An actively growing culture of cells is required, i e 2 - 3 d ES cell culture. The total number of cells needs to be between 106 - 107 cells.

N B Read notes at end of method.

1) Harvest cells in the usual manner, into a conical bottom centrifuge tube.

2) Centrifuge to remove medium.

3) Resuspend cell button by flicking the bottom of the tube.

4) Add 8 ml of warmed KC1 solution to each tube and mix gently with a pipette.

5) Return to 37oC water bath for 10 - 14 mins, (this needs to be determined for each cell type)

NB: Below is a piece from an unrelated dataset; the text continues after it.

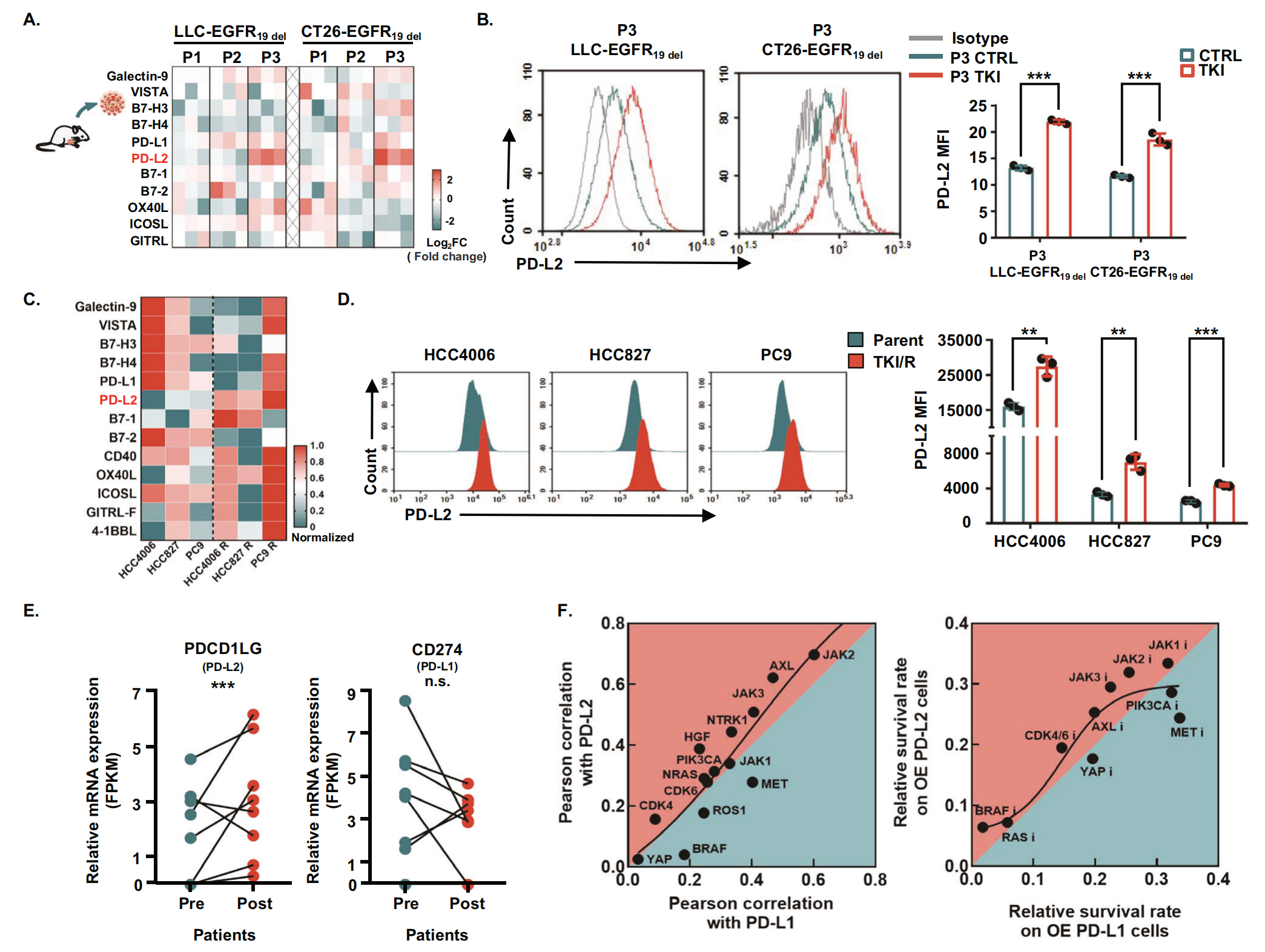 為了探索腫瘤免疫環(huán)境變化的原因,作者同時檢測了不同傳代階段腫瘤組織中刺激性和抑制性免疫調節(jié)分子的表達。在 EGFR-TKI 的初始治療中,一些抑制性免疫檢查點的相對表達降低(圖隨著耐藥性的出現(xiàn),抑制性免疫檢查點基因 PD-L1 和 PD-L2 的相對表達水平逐漸升高,尤其是 PD-L2 (圖3A)。為了進一步驗證 PD-L2 在 EGFR-TKI 耐藥腫瘤細胞中表達的增加,作者通過流式細胞術鑒定了 PD-L2 在 P3 腫瘤細胞厄洛替尼或奧希替尼處理的腫瘤細胞(耐藥,TKI 組)表面的表達,以生理鹽水處理的細胞為對照(敏感,CTRL 組)。作者的結果表明,與對照組織相比,腫瘤細胞表面 PD-L2 的表達在耐藥腫瘤組織中表現(xiàn)出顯著增加(圖3B)。接下來,為了進一步驗證,作者分析了先前構建的 EGFR 突變的 TKI 耐藥 NSCLC 細胞系 HCC4006R、HCC827R、PC9R 及其配對親本細胞中免疫檢查點標志物的表達水平。在三種耐藥細胞系中,PD-L2 的 mRNA 和蛋白表達水平顯著上調,而 PD-L1 的表達表現(xiàn)出不一致的變化(圖3C、D)。

6) Add 2 ml of fixative and mix by inversion.

7) Centrifuge cultures at 1500 rpm for 5 mins.

8) Aspirate most of the supernatant.

9) Using a pasteur pipette gradually resuspend the cells in ~2 mls of fixative. This needs to be done very gently. Then add fixative to 8 mls, and mix gently by inverting the tube.

10) Centrifuge cells again.

11) Repeat 8, 9, 10 3 - 4 times.

12) Gently resuspend cells at appropriate concentration.

13) Make spreads by "huffing" on slides, holding at 45oC and dropping one drop of cells onto the top of the slide.

Stain slides with Leishmanns.

STAINING

1) Stain slides with 1 ml Leishmann's stain and 5 ml pH 6.8 buffer for 7 - 9 mins (enough for 2 slides).

2) Rinse briefly in running water and air dry.

3) Clear in X2 changes of xylene.

4) Coverslip using Depex mountant.

SOLUTIONS.

HYPOTONIC SOLUTION (0.075M POTASSIUM CHLORIDE)

Add 0.56 gm KC1 to 100 mls H20.

LEISHMANN'S STAIN

BDH PROD 35022

0.2% w/v solution in methanol.

GURRS BUFFER. TABLETS pH 6.8

BDH PROD 33193

FIXATIVE

3 parts methanol to 1 part glacial acetic acid.

NOTES

The time in KC1 is crucial. If the time is too short, the chromosomes will be too tightly packed. Too long, they will not be contained in their appropriate group.

When staining spreads, the Leishmanns must be made up fresh for 2 - 4 slides at a time, as it precipitates out.

Slides need to be soaked in absolute ethanol overnight and wiped with a lint-free tissue. If it is too warm to "huff" on the slides, they can be placed in the fridge/freezer.

Fixative must be made up fresh each time. Dispose of fixative waste properly, i e into solvent waste.

Avoid breathing vapour.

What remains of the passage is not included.